Electrical problems can be avoided by always using the right devices and taking appropriate measures for electrical protection.
An electrical engineer specializes in communications and display systems. Specifically, his work involves the design and implementation of systems that can display information to users and allow communications between humans, computers and humans, and computers and computers. These two areas do not encompass the entire spectrum of electrical engineering. The governing body of electrical engineering in the USA is the Institute of Electrical and Electronics Engineers, Inc. This group includes representatives of all major areas of EE, from more applied physics areas such as lasers and photonics (using light instead of electricity to communicate) to traditional areas like the design of electrical circuits, control systems, and the communication of information.

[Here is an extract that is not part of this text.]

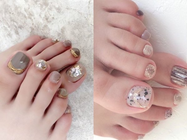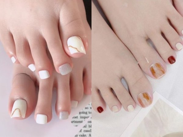 Đây là một mẫu nail chân mang lại vẻ đẹp sang trọng và cuốn hút. Mẫu nail này tạo nên hiệu ứng đá quý lộng lẫy và tinh tế, rất phù hợp với những kiểu trang phục trưởng thành, quyến rũ. Bạn có thể lựa chọn những màu sơn tối như đen, xám, xanh da trời để thêm huyền bí, quý phái hơn, hoặc những màu sơn sáng như hồng, xanh ngọc để nữ tính hơn. Những đường vân đá loang mờ nhạt vô cùng sống động kết hợp kẻ viền, đính đá nhỏ đơn giản sẽ giúp bộ nail thêm nổi bật nhưng vẫn có tính ứng dụng cao.
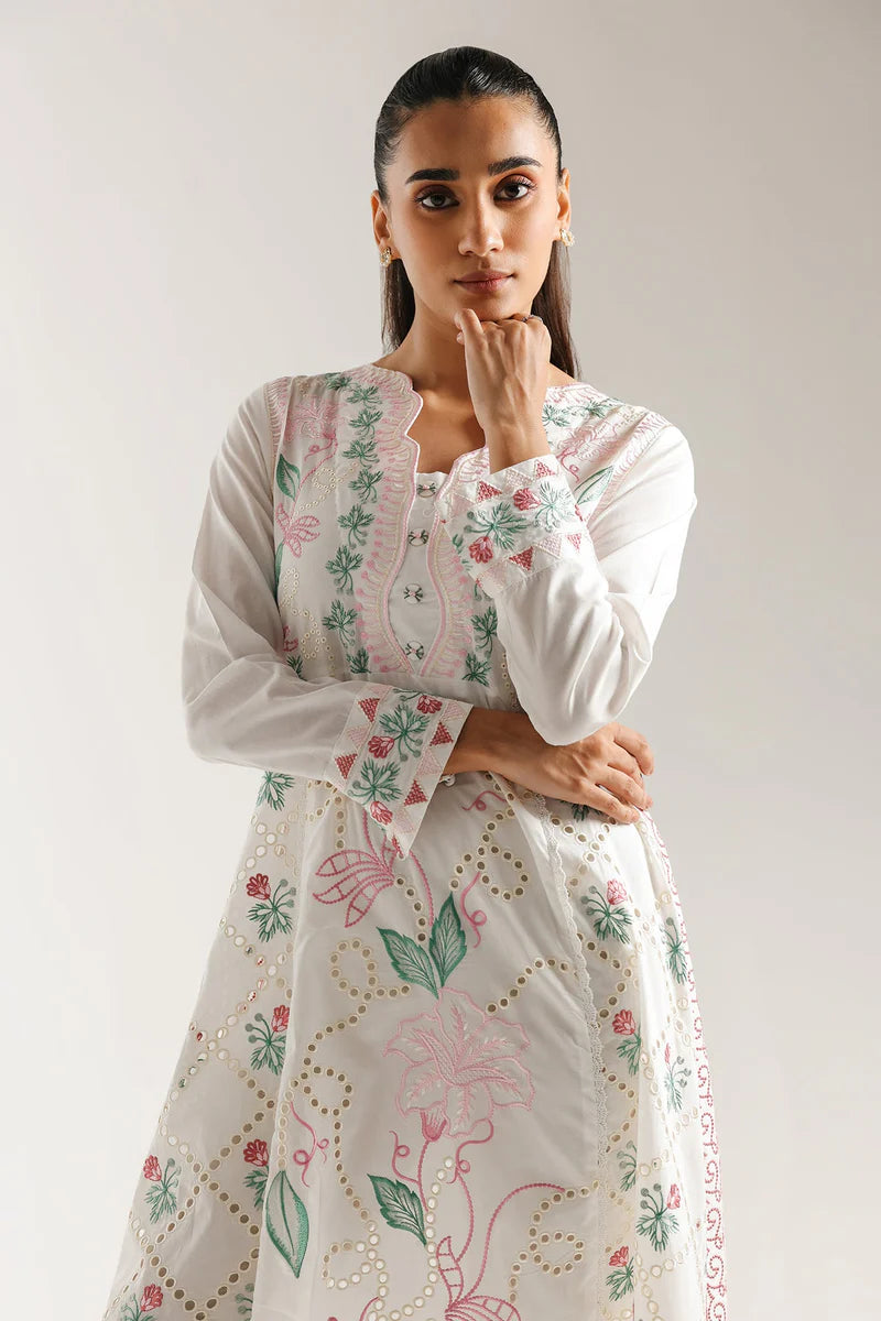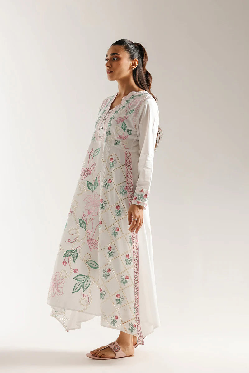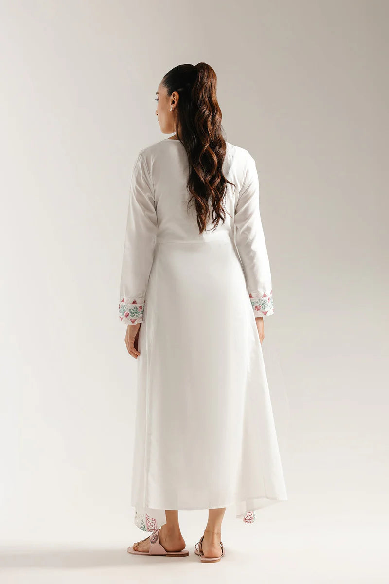 Discover an enchanting style in this embroidered dress. This elegant white maxi dress is adorned with delicate floral embroidery in soft pink and green hues, creating a beautiful and whimsical pattern. With its graceful, flowing silhouette and classic neckline, this dress is a perfect choice for a fresh and sophisticated look.

Electrical engineering also includes the development of materials - for instance, compounds that are similar to glass or sand that includes the element silicon and can conduct electricity that can be used for the development of advanced circuits and computer components for the next generation of information transfer systems. It is important to understand that electrical engineering should be distinguished from computer science: Computer scientists develop complex computer systems which use building blocks such as integrated circuit chips developed by electrical engineers.
Traditionally, electrical engineers have been responsible for the development of an extensive set of products, such as radio equipment, CD players, control systems (e.g., automated feedback through a circuit to control the speed of an automobile), circuits for electrical products, antennas, radar systems, electrical power distribution systems for homes (e.g., power plants, power lines, and transformers), and materials development (e.g., silicon based semiconductors).